Let \(\frac{2 x+3 a}{-13}=\frac{y-a}{3}=\frac{z}{1} \text { i.e, } \frac{x+\frac{3 a}{2}}{-13 / 2}=\frac{y-a}{3}=\frac{z}{1}(=t \text { say })\) …..(3)

Any point on (1) is P(2r, 3r + a, 4r – 3a).

∴ Plane of contact of P w.r.t. (2) is x.2r + y(3r + a) + z(4r – 3a) = a²

Any point on (3) is Q \(\left(\frac{-13 t-3 a}{2}, 3 t+a, t\right)\)

Substituting Q in the L.H.S of (4) we have

⇒ \(\frac{(-13 t-3 a)}{2} \cdot 2 r+(3 t+a)(3 r+a)+i(4 r-3 a)\)

= -13tr – 3ar + 9tr + 3ar + 3at + a² + 4tr – 3at = a² = R.H.S.

Also \(\frac{-13}{2} \cdot 2 r+3(3 r+a)+1(4 r-3 a)=-13 r+9 r+3 a+4 r-3 a=0\)

∴ (3) lies in (4) i.e., the plane of contact of all points on (1) w.r.t the sphere (2) pass through the line (3).

Example.3. Find the polar line of \(\frac{x-1}{2}=\frac{y-2}{3}=\frac{z-3}{4}\) …..(1) w.r.t. the sphere x² + y² + z² = 16 …..(2)

Solution. Any point P on (1) is (2r + 1, 3r + 2, 4r + 3) say. polar plane of P w.r.t. (2) is

x(2r + 1) + y(3r + 2) + z(4r + 3) = 16

i.e. (x + 2y + 3z – 16) + r(2x + 3y + 4z) = 0

∴ For all values of r, the polar plane passes through the line

2x + 3y + 4z = 0 = x + 2y + 3z – 16, which is the required polar line.

Example.4. Find the locus of points whose polar planes w.r.t. the sphere x² + y² + z² = a² touch the sphere (x – α)² + (y – β)² + z² = r².

Solution. Let P = (x₁, y₁, z₁). The polar plane of P w.r.t. x² + y² + z² = a² is

xx₁ + yy₁ + zz₁ – a² = 0

centre and radius of the sphere

(x – α)² + (y – β)² + z² = r² are (α, β, 0) and r.
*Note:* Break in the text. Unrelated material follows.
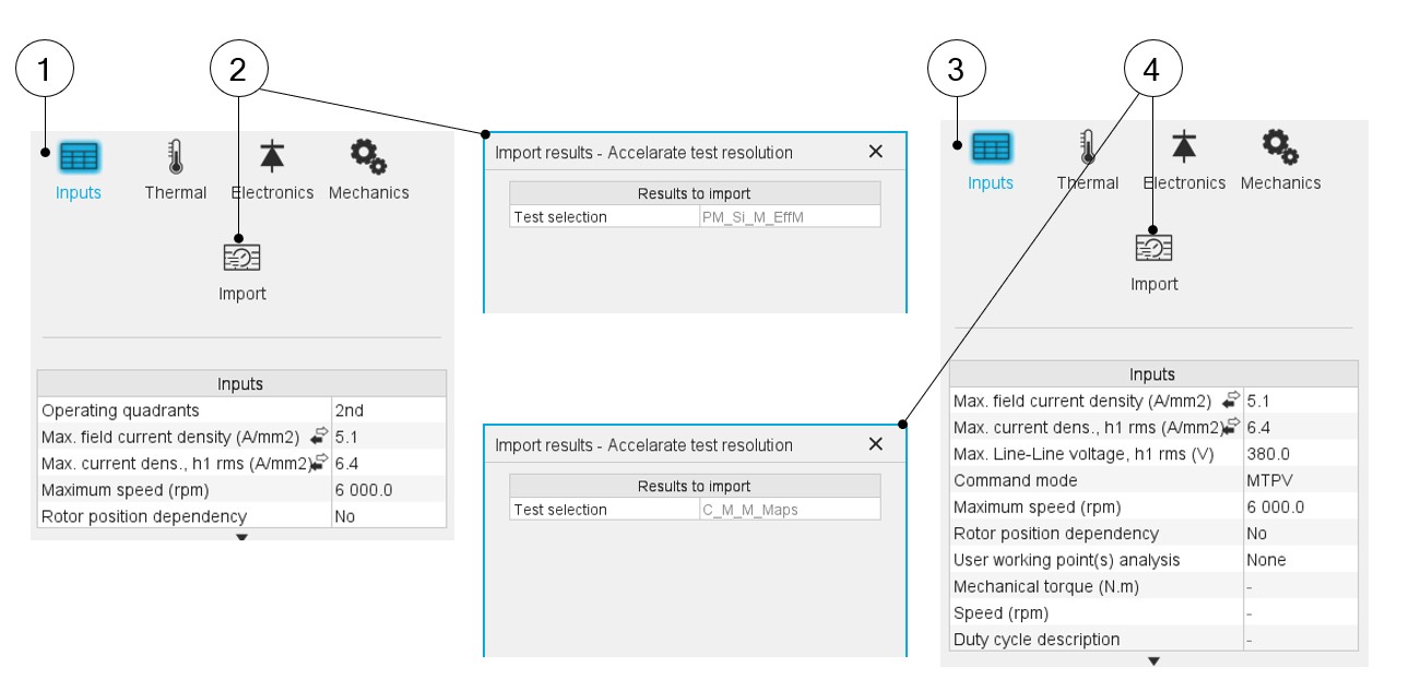An import button is available for allowing sharing the data simulated in Flux between “Characterization / Model / Map” and “Performance mapping / Efficiency map” tests.

(1) touches the sphere (x – α)² + (y – β)² + z² = r²

⇒ distance of (α, β, 0) from (1) = r

⇒ \(\left|\frac{\alpha x_1+\beta y_1+0 . z_1-a^2}{\sqrt{x_1^2+y_1^2+z_1^2}}\right|=r\)

⇒ \(\left(\alpha x_1+\beta y_1-a^2\right)^2=r^2\left(x_1^2+y_1^2+z_1^2\right)\)

∴ The locus of P is \(\left(\alpha x+\beta y-a^2\right)^2=r^2\left(x^2+y^2+z^2\right)\).